● WHAT YOU SHOULD DO
Though the records contain pictures, copy none of them; repeat exactly the lines from the one with "Kolejny w ostatnim" to the end.
-- GIVEN ENTRIES follows --
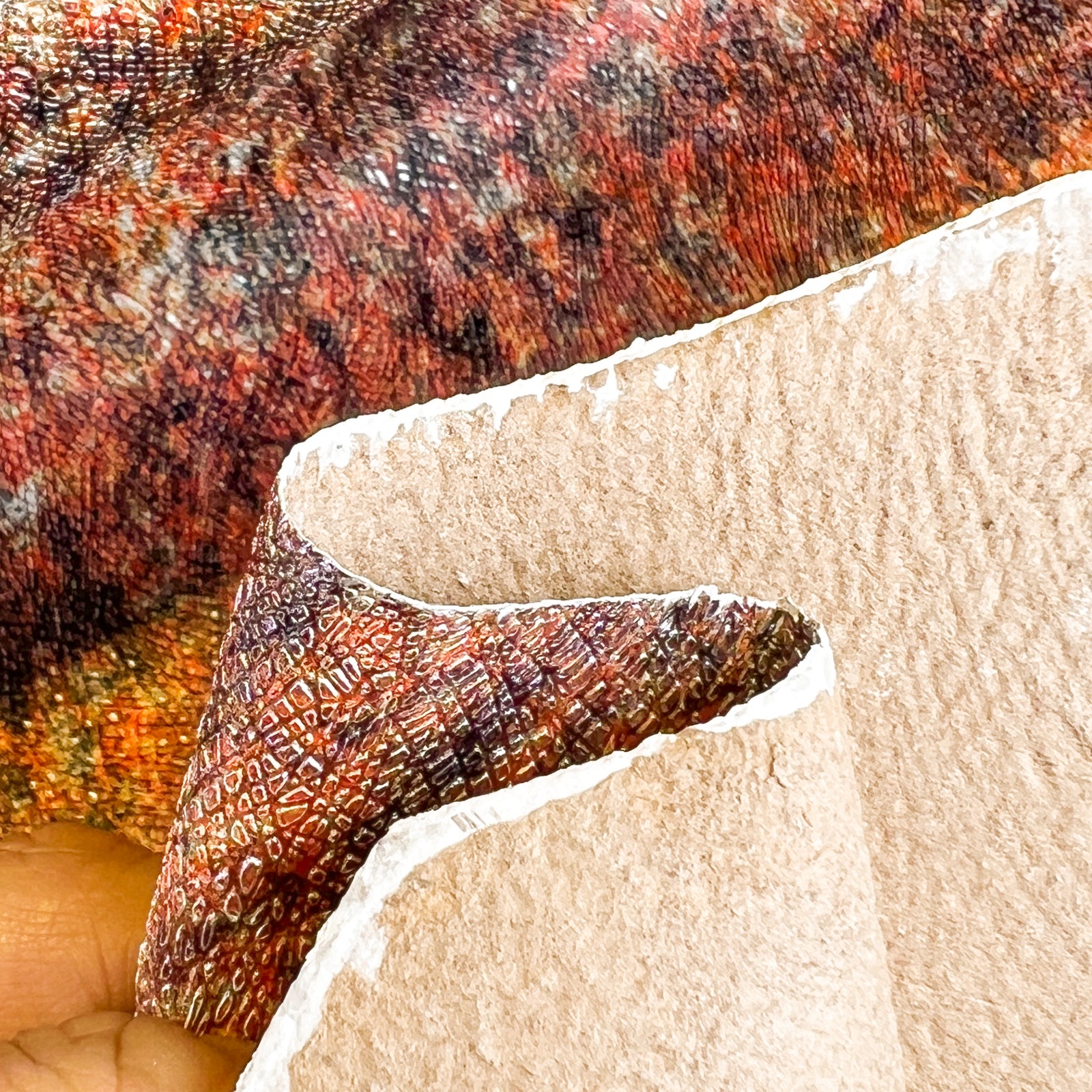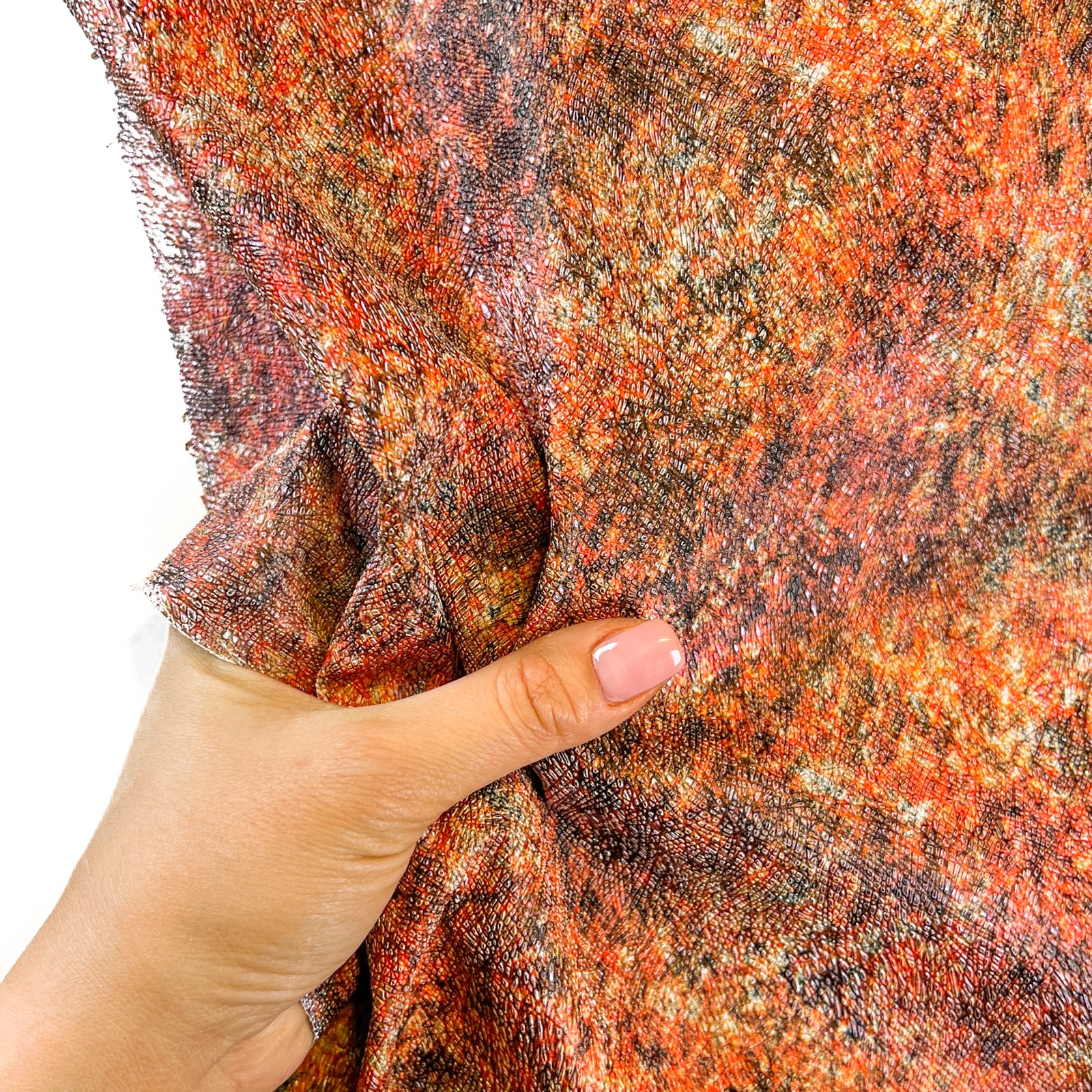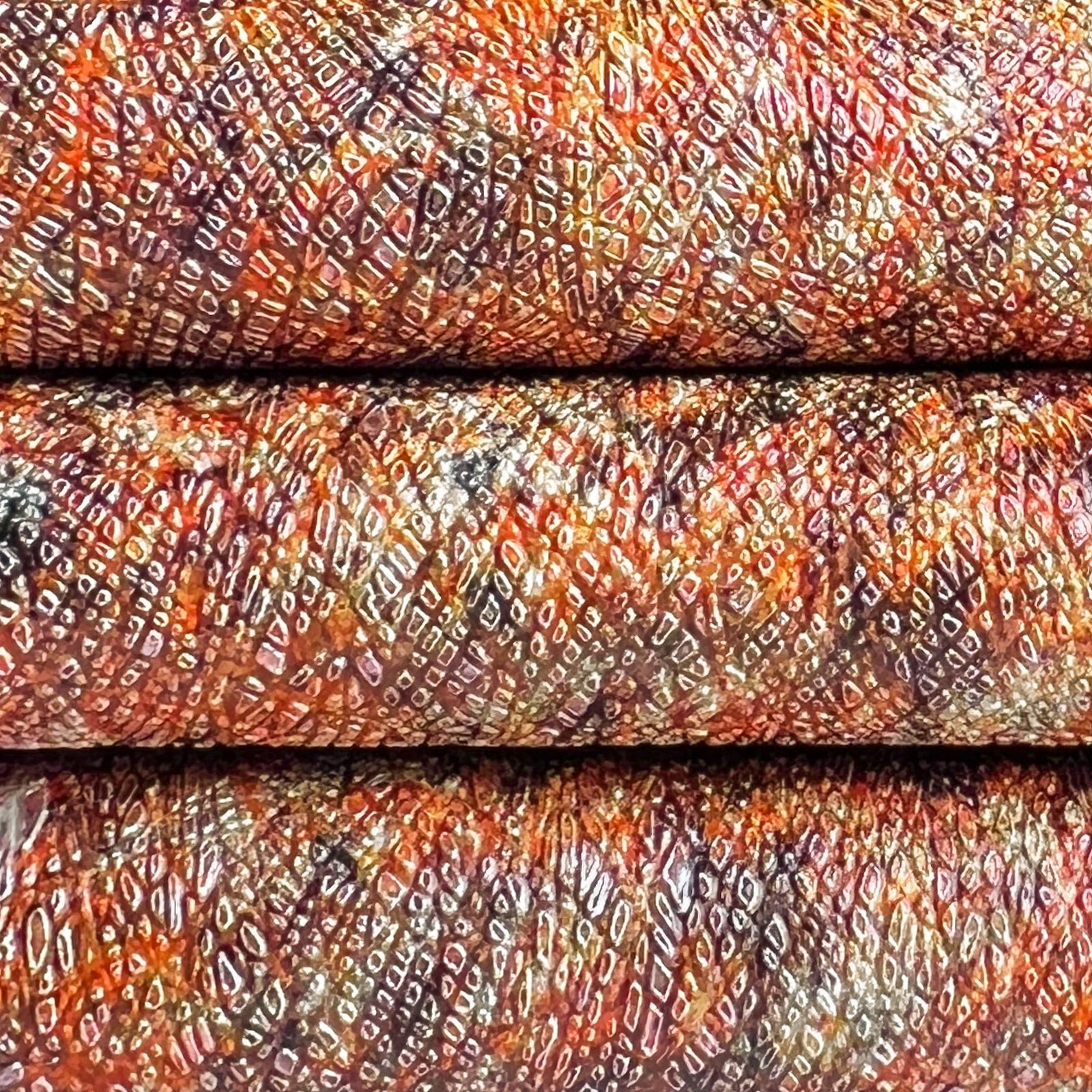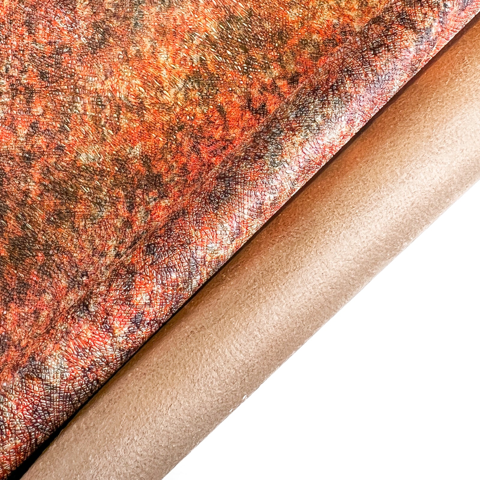 Beautiful orange lambskin pieces with mixed colors and saffiano galaxy print. Thin crafting pieces. Amazing leather for bag and purse crafters will be long-lasting. Our mission is to provide only the highest quality Italian leather to other leather workers, crafters of all kinds, small businesses, or shops for your projects.
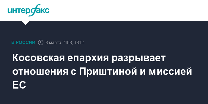 Епископ Артемий заявил, что одностороннее провозглашение независимости Косово, а также решение ЕС об отправке миссии "без решения и в обход Совета Безопасности ООН" нарушают резолюцию СБ ООН №1244 и Конституцию Сербии, "поэтому они нелегитимны и незаконны, а значит, юридически не существуют", сообщают сербские СМИ.
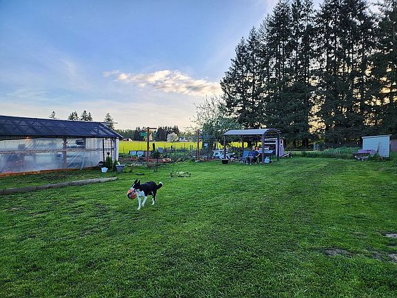 1.26 acre L- shaped lot with private driveway & setting. Has three structures: 2018 Pole Barn with Sage Green metal siding (21,024 SF), trim is Kodiak Brown, has loft, cement floor & wood stove; original homestead (400 SF); 240 SF greenhouse. Fenced. Apple, cherry, walnut & plum trees. Twisted willow live arbor. Great well & septic. Pole Barn has permit, interior improvements do not have permits.
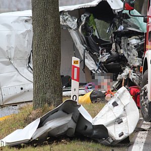 Kolejny w ostatnim czasie wypadek na trasie Dolsk - Borek Wlkp. Na wysokości Koszkowa kierowca busa z nieznanych na razie przyczyn odbił się o drzewo, a następnie uderzał w kolejne. Samochód został poważnie uszkodzony, a pasażer siedzący obok kierowcy ledwo uszedł z życiem. W poważnym stanie został zabrany przez śmigłowiec Lotniczego Pogotowia Ratunkowego.
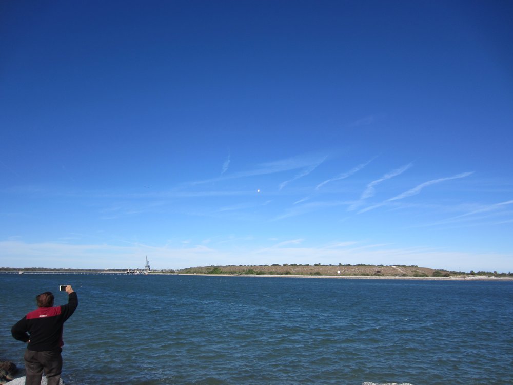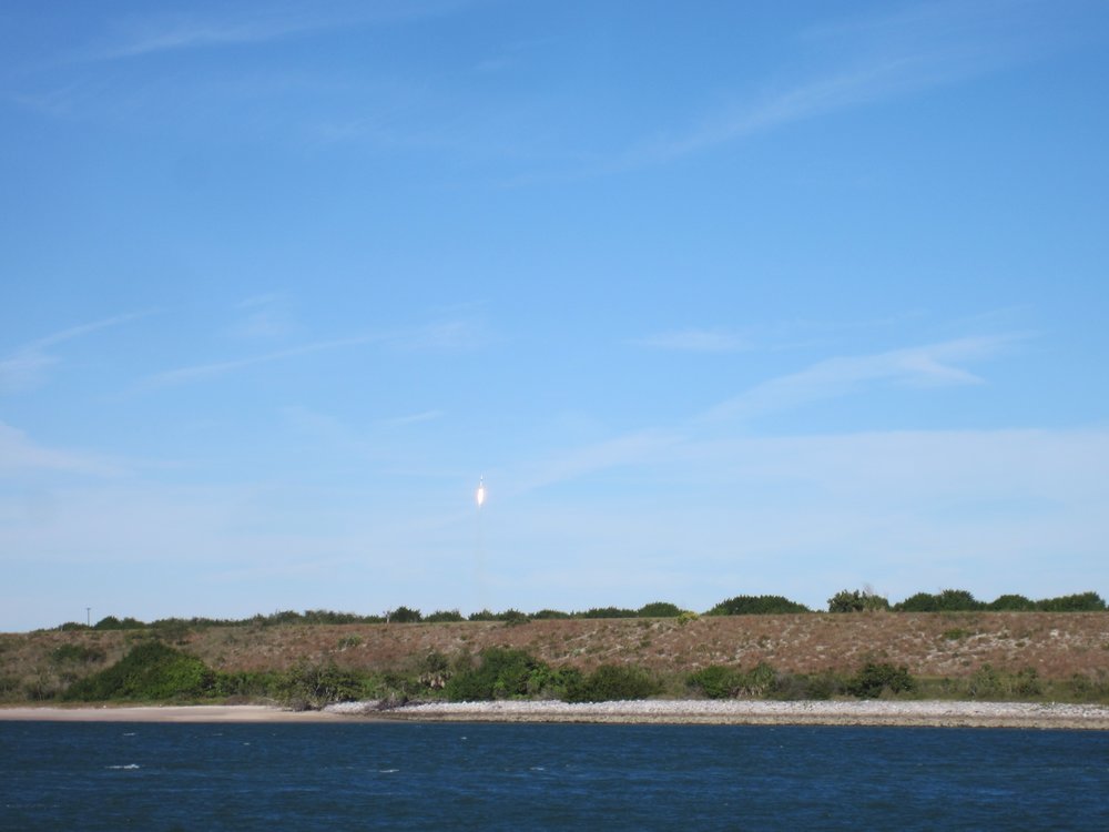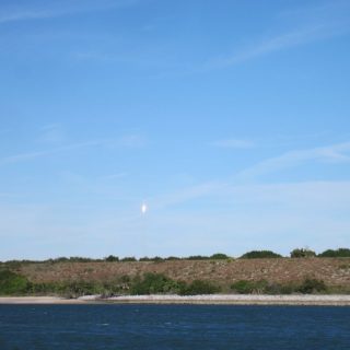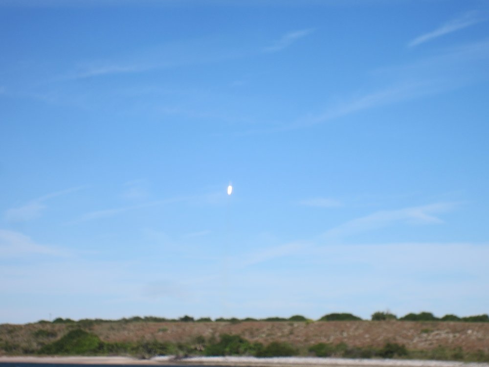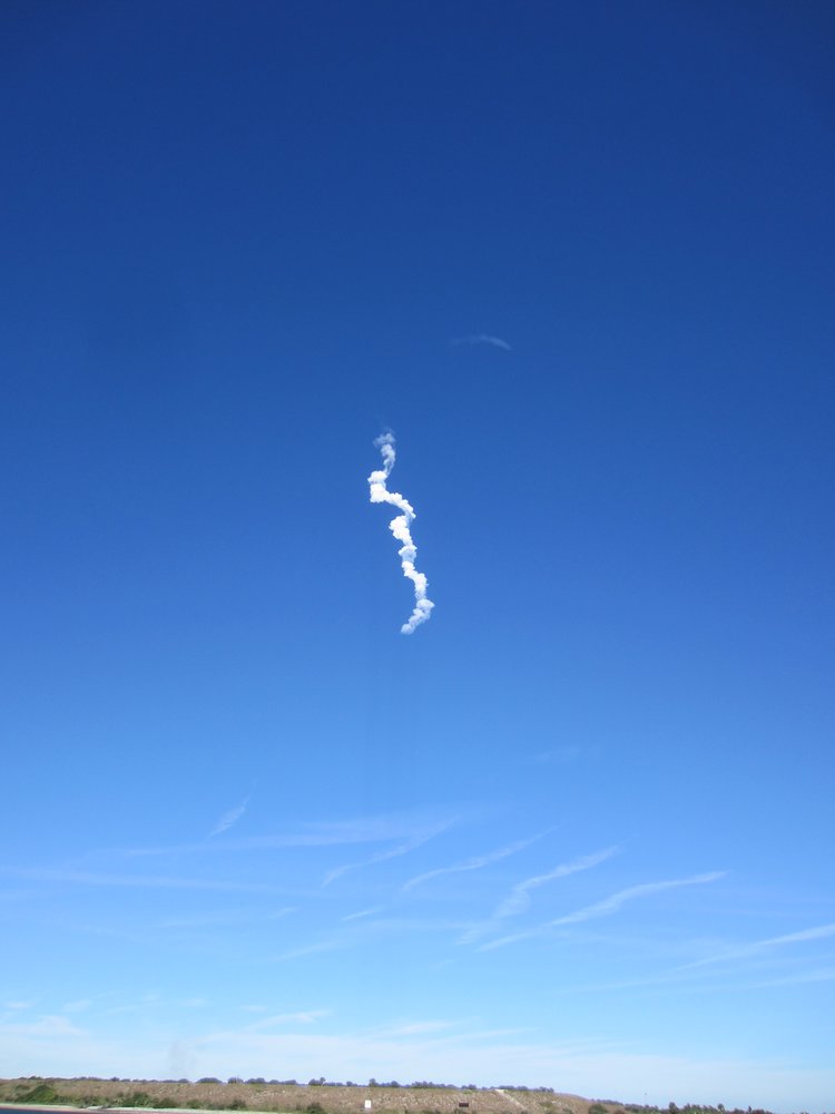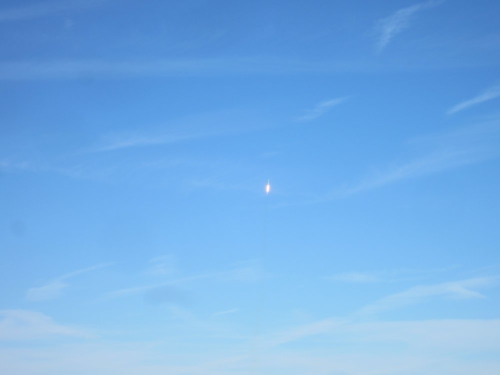 Von gestern auf heute verschoben, bei strahlend blauem Himmel ging die Rakete los. Das Beste: nach knapp 5 Minuten kam die esrte Stufe wieder runter und wurde -gesteuert- dort gelandet, wo die Rakete startete, begleitet mit einem lautem Knall.
-- GIVEN ENTRIES concluded --
● EXERCISE OUTPUT
 Kolejny w ostatnim czasie wypadek na trasie Dolsk - Borek Wlkp. Na wysokości Koszkowa kierowca busa z nieznanych na razie przyczyn odbił się o drzewo, a następnie uderzał w kolejne. Samochód został poważnie uszkodzony, a pasażer siedzący obok kierowcy ledwo uszedł z życiem. W poważnym stanie został zabrany przez śmigłowiec Lotniczego Pogotowia Ratunkowego.
 Von gestern auf heute verschoben, bei strahlend blauem Himmel ging die Rakete los. Das Beste: nach knapp 5 Minuten kam die esrte Stufe wieder runter und wurde -gesteuert- dort gelandet, wo die Rakete startete, begleitet mit einem lautem Knall.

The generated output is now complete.